### Work item
Beneath this line are entries. Copy the range from the line with "Sodium Sulfate |" to the line with "Bayas de coral", ends included, exactly; leave pictures out.

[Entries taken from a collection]
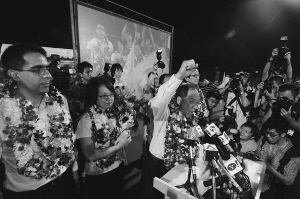 5月8日,在新加坡,反对党工人党秘书长刘程强(左三)获得集选区胜利后在台上答谢支持者。新加坡新一届国会选举结果8日凌晨揭晓,执政党人民行动党获得87个议席中的81席,继续保持压倒性优势。反对党工人党获得6席,其中包括反对党首次赢得的一个集选区。这是反对党自1988年集选区制度引入以来首次赢得一个集选区。 新华社发(邓智炜摄)
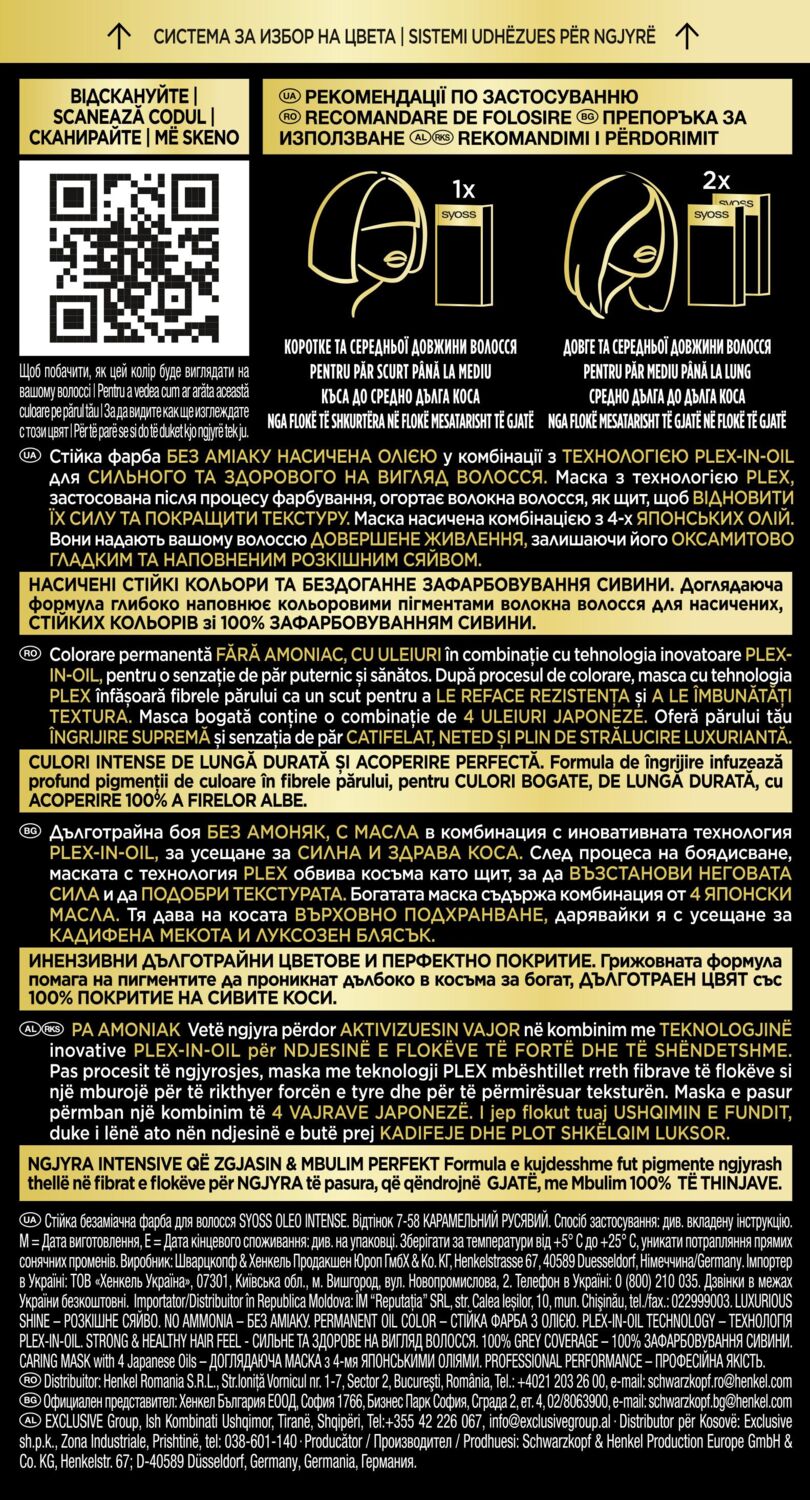 | Состав проявителя | Aqua (Water, Eau), Paraffinum Liquidum (Mineral Oil, Huile Minérale), Hydrogen Peroxide, Cetearyl Alcohol, PEG-40 Castor Oil, Sodium Cetearyl Sulfate, Etidronic Acid, Potassium Hydroxide, 2,6-Dicarboxypyridine, Disodium Pyrophosphate, Sodium Benzoate, Sodium Sulfate |
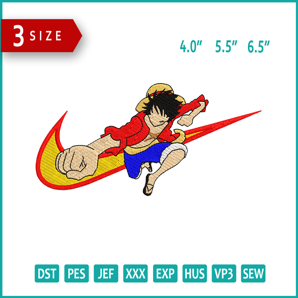 Monkey D Luffy Swoosh v8 Embroidery Design Files - 3 Size's
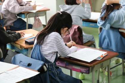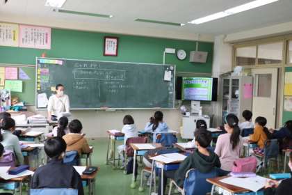 2年生の国語の授業の様子です。「広がれわたし」というテーマで自分の成長についてインタビューしたことをまとめていました。インタビューカードの内容を丁寧に清書できていました。
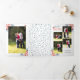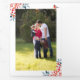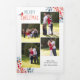 Bayas de coral con hojas polvorientas azules y Navidades de pájaro cartón de fotos de vacaciones de tres letras plegadas. La portada de esta tarjeta incluye el texto "Feliz Navidad" y un collage de fotos de cuatro fotos. Las esquinas están cubiertas de corales y bayas rojas y hojas azules. La solapa muestra una foto de tu familia, bayas y un pájaro. En el interior, en el medio, se muestran sus deseos y, de nuevo, el texto "Feliz Navidad" en un marco hecho de bayas. Los paneles interior izquierdo y derecho muestran un patrón de puntos de polka con copos de nieve en azul y blanco polvoriento con una foto en cada uno. Fotografía © Storytree Studios, Stanford, CA
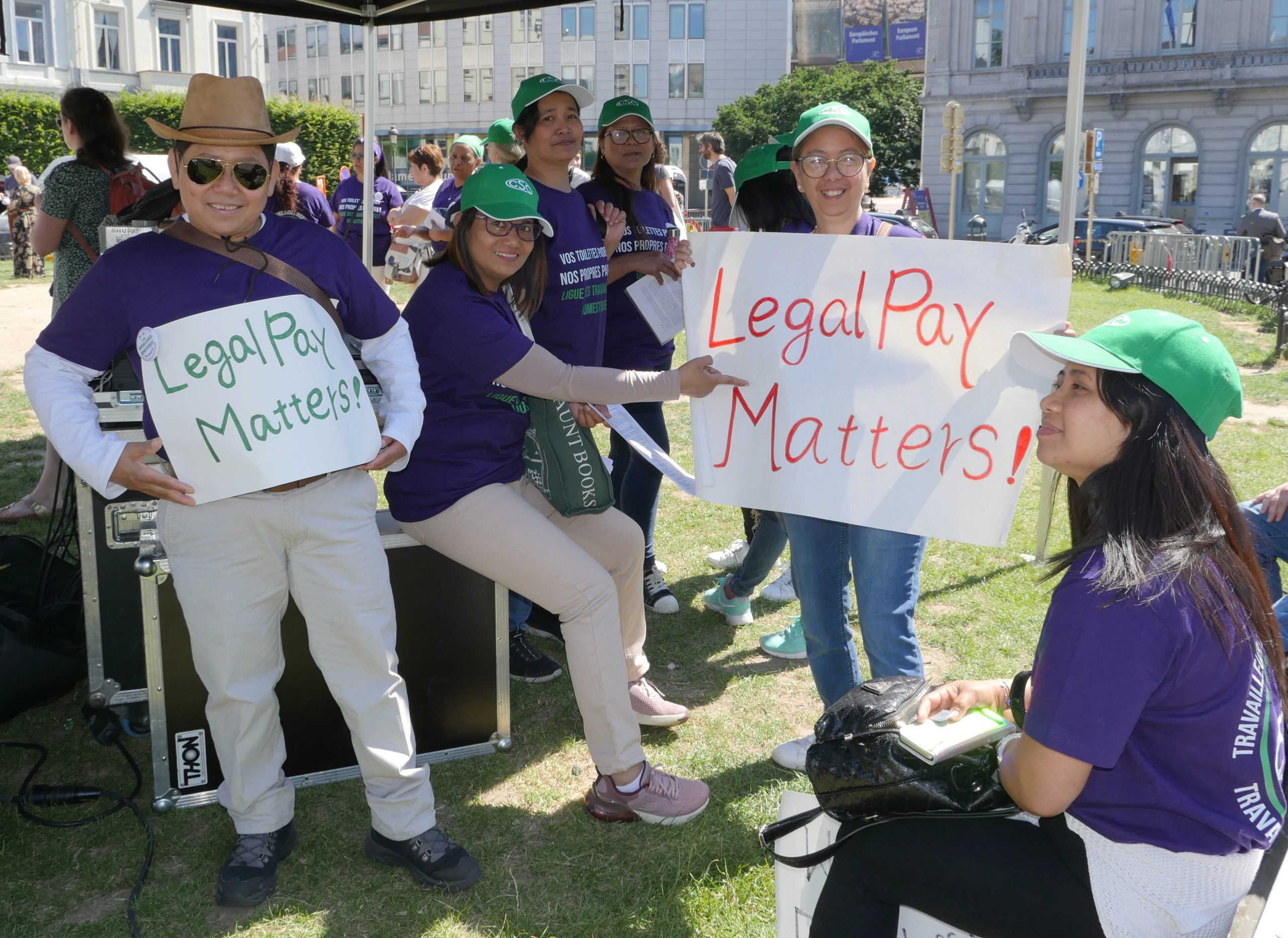 Vient ensuite l’idée de se revendiquer « travailleuses domestiques ». Les femmes de la Ligue ne sont pas seulement membres du Comité des travailleurs et travailleuses migrant.e.s avec et sans-papiers de la CSC Bruxelles, elles s’affichent, se reconnaissent et s’identifient vers l’extérieur comme des travailleuses domestiques. Cette stratégie, elle s’inscrit dans le prolongement du modèle suisse « Papyrus » poursuit Eva. En février 2017, le canton de Genève initie ce projet permettant la régularisation de près de 3 000 travailleurs et travailleuses sans-papiers résidants depuis plusieurs années dans le canton . Or, la Ligue est en contact avec la plateforme de soutien aux sans-papiers genevois. Elle invite deux fois à Bruxelles le Suisse Thierry Horner, secrétaire du Syndicat interprofessionnel des travailleuses et travailleurs (SIT), qui lorsqu’il est interrogé à propos du modèle « Papyrus », déclare : « on peut faire peur avec les sans-papiers. Mais ça ne marche pas d’avoir peur de la petite nounou brésilienne ». Alors, comme en Suisse, la Ligue continue son combat en véhiculant les portraits des femmes qui en sont membres, qui travaillent dans les secteurs des soins, de l’aide à la personne, du nettoyage et en lançant la campagne « Legal pay matters » le 16 juin 2022, rappelant aux responsables politiques bruxellois.es la nécessité d’instaurer une égalité de droits entre les travailleurs et travailleuses.

### Answer for this exercise
 | Состав проявителя | Aqua (Water, Eau), Paraffinum Liquidum (Mineral Oil, Huile Minérale), Hydrogen Peroxide, Cetearyl Alcohol, PEG-40 Castor Oil, Sodium Cetearyl Sulfate, Etidronic Acid, Potassium Hydroxide, 2,6-Dicarboxypyridine, Disodium Pyrophosphate, Sodium Benzoate, Sodium Sulfate |
 Monkey D Luffy Swoosh v8 Embroidery Design Files - 3 Size's
 2年生の国語の授業の様子です。「広がれわたし」というテーマで自分の成長についてインタビューしたことをまとめていました。インタビューカードの内容を丁寧に清書できていました。
 Bayas de coral con hojas polvorientas azules y Navidades de pájaro cartón de fotos de vacaciones de tres letras plegadas. La portada de esta tarjeta incluye el texto "Feliz Navidad" y un collage de fotos de cuatro fotos. Las esquinas están cubiertas de corales y bayas rojas y hojas azules. La solapa muestra una foto de tu familia, bayas y un pájaro. En el interior, en el medio, se muestran sus deseos y, de nuevo, el texto "Feliz Navidad" en un marco hecho de bayas. Los paneles interior izquierdo y derecho muestran un patrón de puntos de polka con copos de nieve en azul y blanco polvoriento con una foto en cada uno. Fotografía © Storytree Studios, Stanford, CA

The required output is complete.